Abdominal Wall Hernias: A Previously Unrecognized Risk During Abdominal Wall Blocks
Introduction: Abdominal wall plane blocks have been shown to have a statistically significant analgesic benefit and opioid sparing effect in adults undergoing abdominal surgeries. These blocks are becoming widespread and often utilized interventions to assist with the multimodal approach to analgesia for hernia surgeries. This case series aims at educating fellow anesthesia providers of an important consideration while performing transversus abdominis plane (TAP) and rectus sheath blocks in patients with abdominal wall hernias.
The prevalence of abdominal wall hernias in the United States is approximately 1.5%. Parastomal hernias occur in approximately 38% of all parastomas created. Some of these hernias may be externally apparent, while others are difficult to visualize.
Results/Case Report: Figure 1 shows a 40-year-old female with a spigelian hernia lying between the external and internal oblique muscles. Figure 2 shows a 54-year-old female with a parastomal hernia extending over her oblique muscles.
Discussion: If a TAP block were performed in the above patients with either the blind “two pop” technique or a less attentive provider utilizing ultrasound, there would be a risk of puncturing bowel with the advancing needle. This can lead to several sequelae including bleeding into and around the bowel as well as infection secondary to the tracking of intestinal contents into surrounding tissue.
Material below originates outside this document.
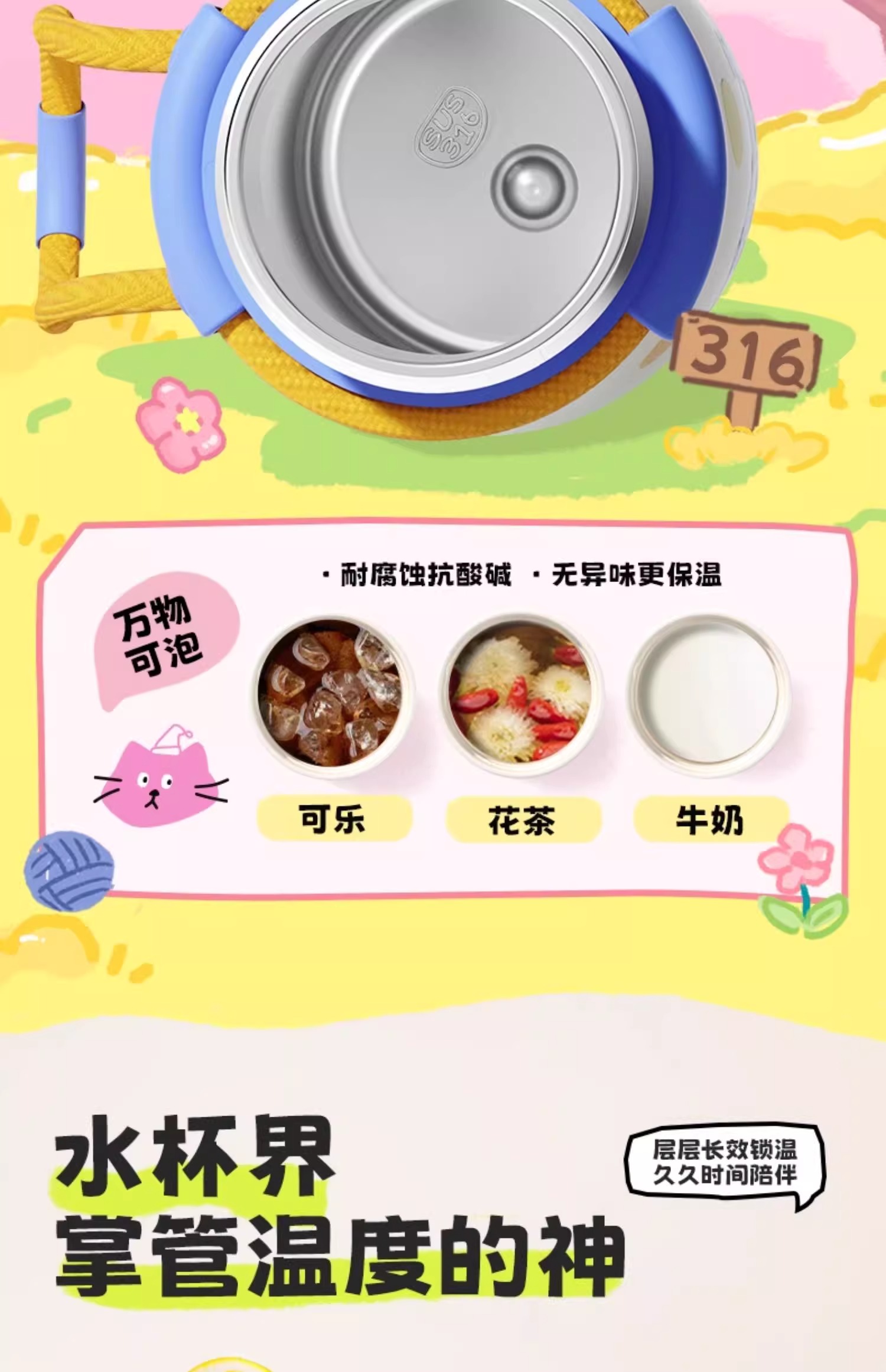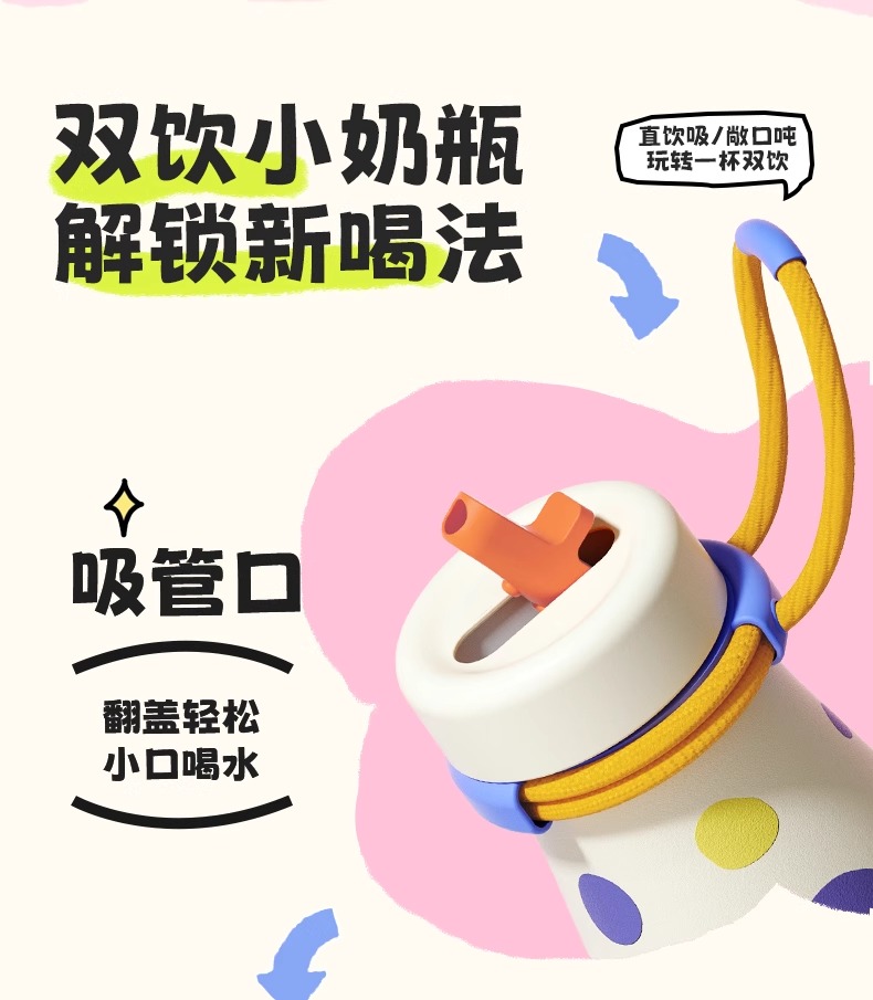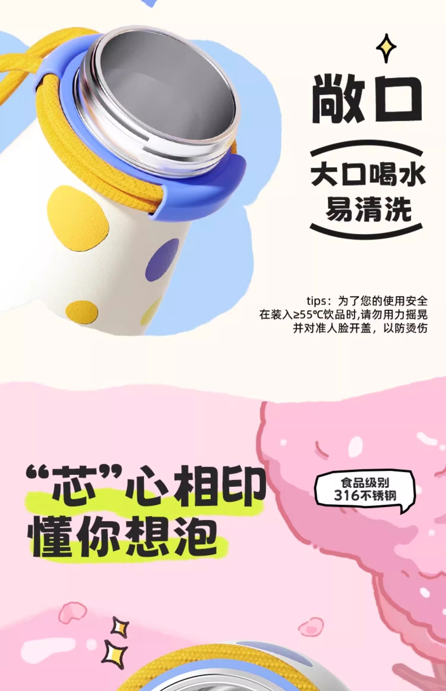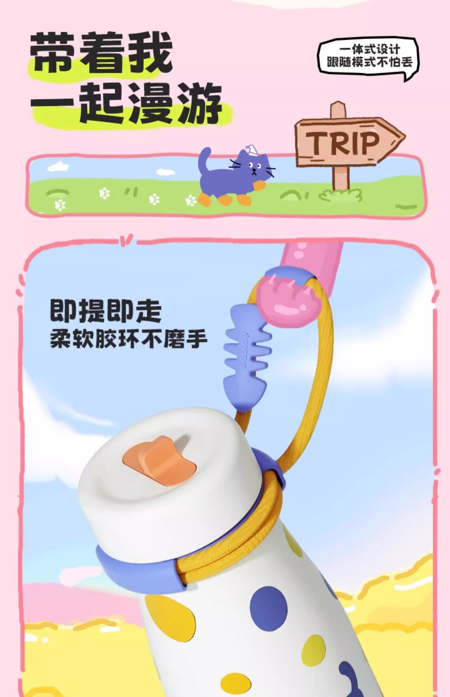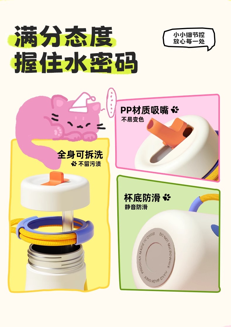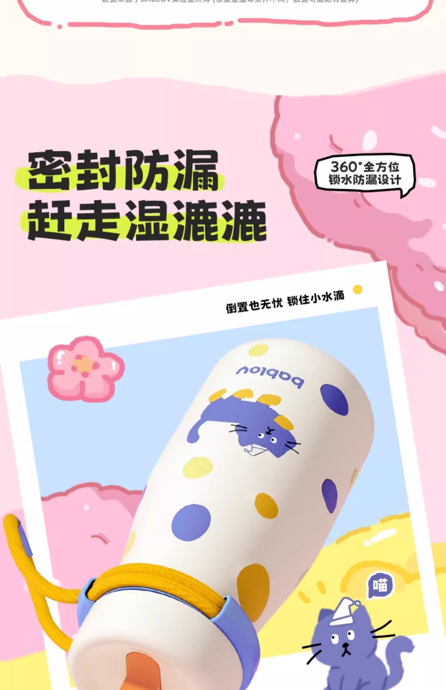 bablov吸管保温杯女生可爱高颜值学生大容量水杯新款儿童便携杯子

A regionalist may minimize the risk of these complications by carefully analyzing the tissue above and between the abdominal wall muscles, looking for signs of a discernible lumen, peristalsis, and compressibility. If uncertain, asking the patient to perform a valsalva maneuver may increase the amount of herniated bowel, thus making the diagnosis easier.
By being aware this pathology can occur, we can become more informed clinicians, thereby providing safer care for our patients. If a practitioner wants to anesthetize the same nerves without the risk of bowel puncture in this patient population, a Quadratus Lumborum block may be considered as an alternative to the TAP block.